If the package fails, the big-money interest groups are certain to wage voter initiative warfare to win their own slices of the state revenue pie. There is no question who loses if such a battle erupts: Children, the elderly, the poor and a host of others who lack the big-bucks constituencies that can afford to use the initiative to snag a share of government for themselves.
The Legislature and the governor cannot afford to put state government on the auction block.

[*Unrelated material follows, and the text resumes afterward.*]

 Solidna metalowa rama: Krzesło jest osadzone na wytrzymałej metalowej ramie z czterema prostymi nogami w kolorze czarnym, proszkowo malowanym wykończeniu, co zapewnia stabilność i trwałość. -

To avoid that and to make Sacramento work, they are going to have to invest an extraordinary amount of energy, determination and good will into fashioning an SCA 1 package that is capable of winning the votes of two-thirds of the Legislature.

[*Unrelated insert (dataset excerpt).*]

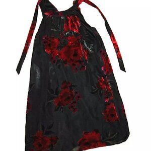 LILY ROSE Velvet Red Roses Dark Floral Tie Back Dress Size S MSRP $48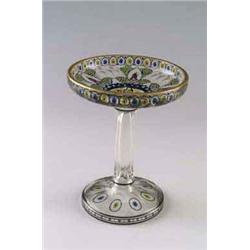 GLASFACHSCHULE HAIDA/ STEINSCHÖNAU, Adolf Beckert Fußschale, farbloses Glas mit farbiger Bemalung eines floralen Dekors in Grün, Blau, Gelb, Gold und Schwarz. Über rundem Tellerfuß mit Facettenschliff ein ebenfalls facettierter Fuß mit Entasis, darauf eine flache Schale. H.: 16 cm. Unbezeichnet. Um 1915-20 Lit.: Das Böhmische Glas, 1700-1950, Bestandskat. Passauer Glasmuseum, Bd. IV: Jugendstil in Böhmen, Tittling 1995, S. 241-244. (Zum Dekor)

Garamendi’s amendment would inject some reality into the Gann spending limits, imposedby passage of Proposition 4 in 1979, by providing for a modest liberalization of the formula based on state per-capita income rather than the national consumer price index, which usually lags behind California’s economy.
The package also revises Proposition 98, the education establishment initiative of 1988, to scale back education’s claim on future state surpluses, and to base general school-aid growth on a formula that better reflects actual growth in enrollment.
Also linked to SCA 1 is a critically needed 10-year transportation finance program based on a phased 9-cent-a-gallon gasoline tax increase. Without SCA 1, the new money could not be spent because it would exceed the current Gann spending limits.
The entire SCA 1 package seemed to be falling apart last week in a dispute over Proposition 98’s guarantee that education gets at least 40% of general fund money. State Superintendent Bill Honig is correct when he says that abandoning the 40% factor would gut Proposition 98. There should be some way to retain the 40% provision, but to calm fears that the schools will get a disproportionate share of state income in leaner revenue years. Garamendi says some of last week’s dispute flared over faulty figures, and there is fresh hope the differences can be resolved. They must be resolved.
The decisions made in the next 10 days could determine whether the Legislature and governor will retain control of the state budget, or whether it will go on the initiative campaign auction block. There is only one acceptable answer.